Respecting authority figures had been rule number one in the world I grew up in. My favorite teacher in 9th grade would rip up our papers if we had a comma off on a poem we’d memorized and make us do redo it.  I still have problems with commas even though the spirit those poems were written in has had a sustaining influence. But I had failed to grow along with the times, always that nice little girl one might want to take a hammer to. And here I was an adult. Shame on me. I should have known sugar was bad.  On the way out, in the hall, I gave a wink to the statue of the Blessed Mother, a sacrilege to some.  I knew I wasn’t coming back. Not on your life. There had to be a job out there that didn’t require Step and Fetchit routines, where respect was given for a job well done. Ultimately, I would end up driving taxi at night in a profession where few women dared because of the danger.
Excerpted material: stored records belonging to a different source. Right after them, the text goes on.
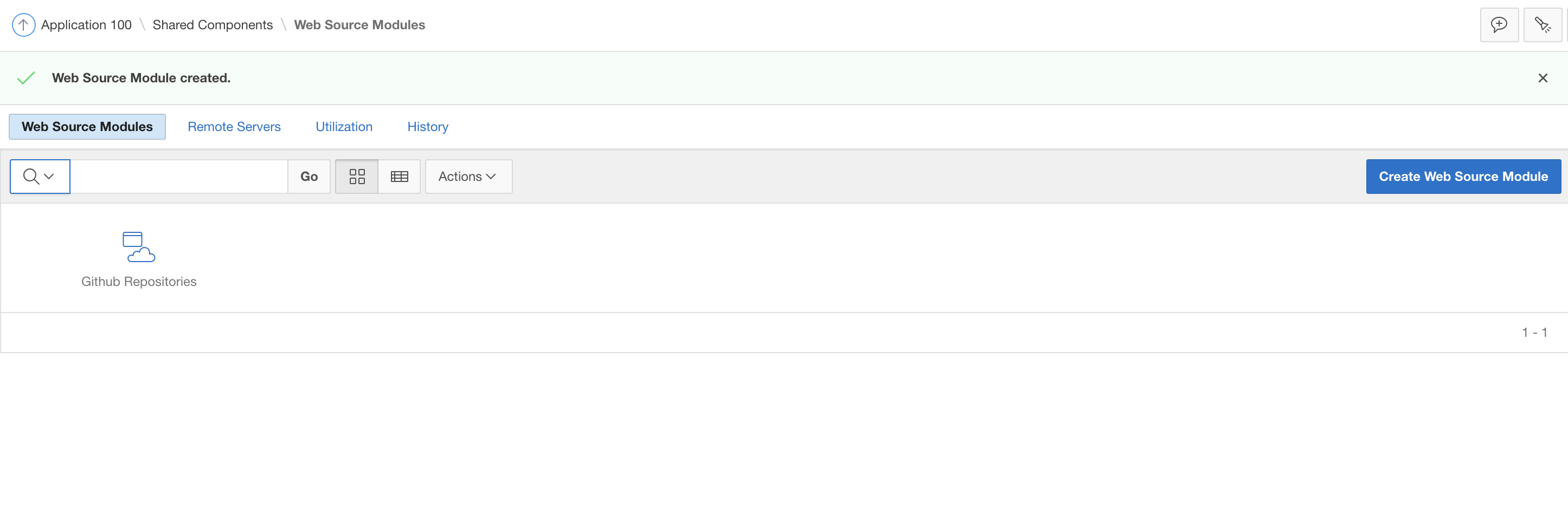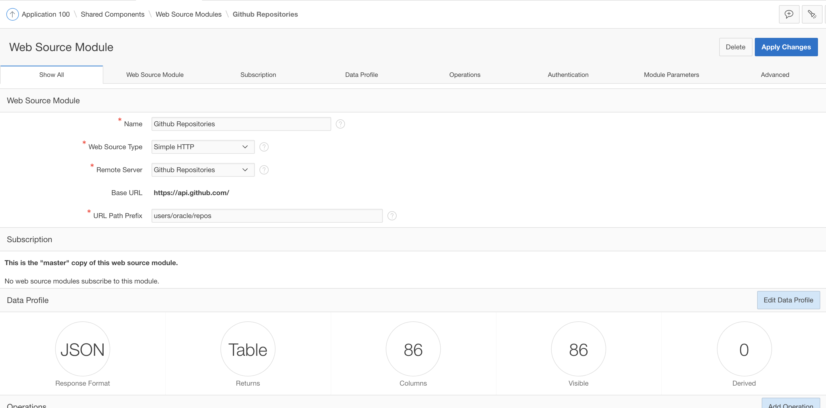 For that, we first need to add a Web Source Parameter to the meta data in Shared Components. Thus navigate to Web Source Modules within Shared Components and then to the details of the Github Repositories module.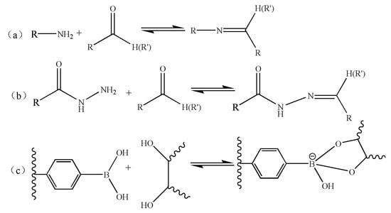 With the development of self-assembly, pH-responsive macromolecule self-assembly is no longer limited to the macromolecule systems containing protonated or deprotonated groups. Some dynamic covalent bonds [113] that can reversibly “form” and “break” with the change of pH have gradually been introduced into the macromolecule self-assembly system. A dynamic covalent bond is a special kind of covalent bond, which has the stability of a covalent bond and the characteristics of reversible “formation” and “fracture” of a non-covalent bond, meaning that the system has strong stability and stimulus responsiveness. Common pH-responsive dynamic covalent bonds are as follows (Figure 13): (a) imine bonds formed by the reaction of primary amines with a carbonyl or aldehyde group [114]; (b) arylhydrazone bonds formed by the reaction of acyl hydrazide group with aldehyde group or ketone [115]; (c) the reaction of a phenyl borate group with a dihydroxyl group to form a phenylboronate bond [116,117].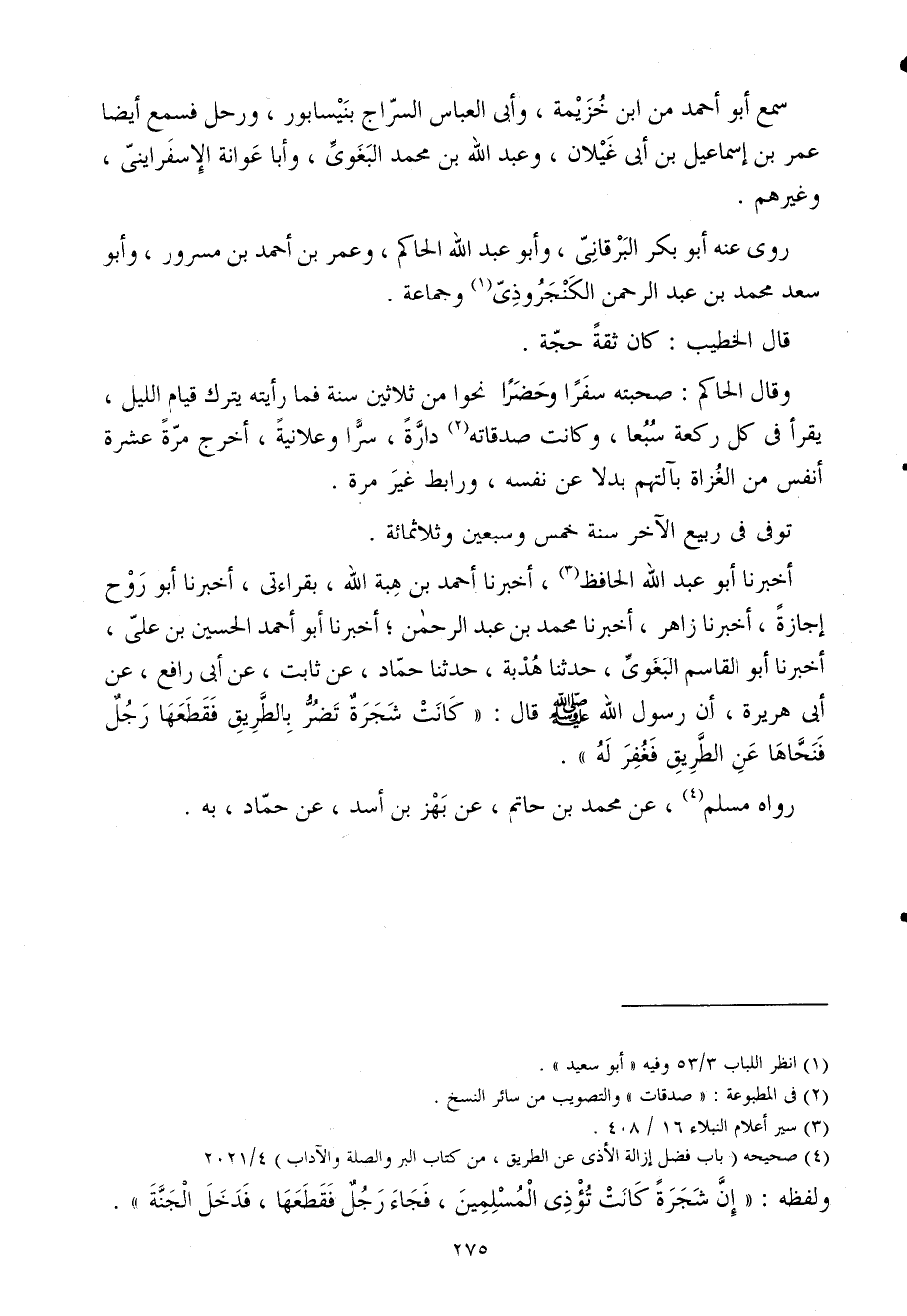 أخبرنَا أَبُو عبد الله الْحَافِظ أخبرنَا أَحْمد بن هبة الله بقراءتى أخبرنَا أَبُو روح إجَازَة أخبرنَا زَاهِر أخبرنَا مُحَمَّد بن عبد الرَّحْمَن أخبرنَا أَبُو أَحْمد الْحُسَيْن بن على أخبرنَا أَبُو الْقَاسِم البغوى حَدثنَا هدبه حَدثنَا حَمَّاد عَن ثَابت عَن أَبى رَافع عَن أَبى هُرَيْرَة أَن رَسُول الله صلى الله عَلَيْهِ وَسلم قَالَ (كَانَت شَجَرَة تضر بِالطَّرِيقِ فقطعها رجل فنحاها عَن الطَّرِيق فغفر لَهُ) رَوَاهُ مُسلم عَن مُحَمَّد بن حَاتِم عَن بهز بن أَسد عَن حَمَّاد بِهِ

There, blending into the shadows, where I could maintain a modicum of dignity, I would learn to have the patience of Job.

 

2 Comments on “Rachel Cann, 7/1/2013

  1. “Substituting is one of the hardest jobs for people with little patience. The kids all talk about their ‘rights’ and they do everything they can to get you riled.”

    I was a sub over an eleven year period just before and long after my boys were born until I could get a regular teaching job. I subbed in every classroom, K-12, in my district, including Band, though I played no instrument, Spanish, though I couldn’t past seven, and PE, though the equipment was stored in the boys locker room. Subbing was an essential step in my development as a teacher. I mimicked the persona of the teacher I was teaching for, and I learned a lot about myself along the way.